## WHAT THE TASK ASKS
For the entries below, the result should be an exact transcription of the lines from the one with "Mavi Topaz Pırlanta Çerçeveli Yuvarlak Kolye" up to and including the one with "為切實(shí)把這項(xi", and only those.

## GIVEN DATA
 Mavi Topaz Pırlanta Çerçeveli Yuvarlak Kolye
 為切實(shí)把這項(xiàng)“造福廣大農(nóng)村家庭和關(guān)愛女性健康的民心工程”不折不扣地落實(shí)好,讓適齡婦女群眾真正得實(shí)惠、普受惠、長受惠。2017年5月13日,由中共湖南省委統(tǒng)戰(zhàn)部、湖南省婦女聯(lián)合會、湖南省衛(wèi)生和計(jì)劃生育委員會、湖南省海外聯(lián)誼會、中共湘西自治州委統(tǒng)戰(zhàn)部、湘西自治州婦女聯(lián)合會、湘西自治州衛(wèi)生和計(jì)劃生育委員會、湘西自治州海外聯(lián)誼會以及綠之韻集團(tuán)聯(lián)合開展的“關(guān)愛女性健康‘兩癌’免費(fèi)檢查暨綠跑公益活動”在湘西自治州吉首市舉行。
---
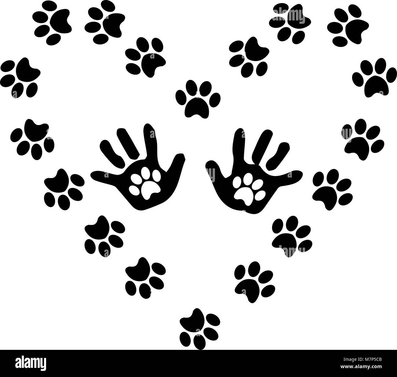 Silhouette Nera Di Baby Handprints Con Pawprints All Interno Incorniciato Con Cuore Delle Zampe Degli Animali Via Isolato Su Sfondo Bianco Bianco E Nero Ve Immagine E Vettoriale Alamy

## REPLY
 Mavi Topaz Pırlanta Çerçeveli Yuvarlak Kolye
 為切實(shí)把這項(xiàng)“造福廣大農(nóng)村家庭和關(guān)愛女性健康的民心工程”不折不扣地落實(shí)好,讓適齡婦女群眾真正得實(shí)惠、普受惠、長受惠。2017年5月13日,由中共湖南省委統(tǒng)戰(zhàn)部、湖南省婦女聯(lián)合會、湖南省衛(wèi)生和計(jì)劃生育委員會、湖南省海外聯(lián)誼會、中共湘西自治州委統(tǒng)戰(zhàn)部、湘西自治州婦女聯(lián)合會、湘西自治州衛(wèi)生和計(jì)劃生育委員會、湘西自治州海外聯(lián)誼會以及綠之韻集團(tuán)聯(lián)合開展的“關(guān)愛女性健康‘兩癌’免費(fèi)檢查暨綠跑公益活動”在湘西自治州吉首市舉行。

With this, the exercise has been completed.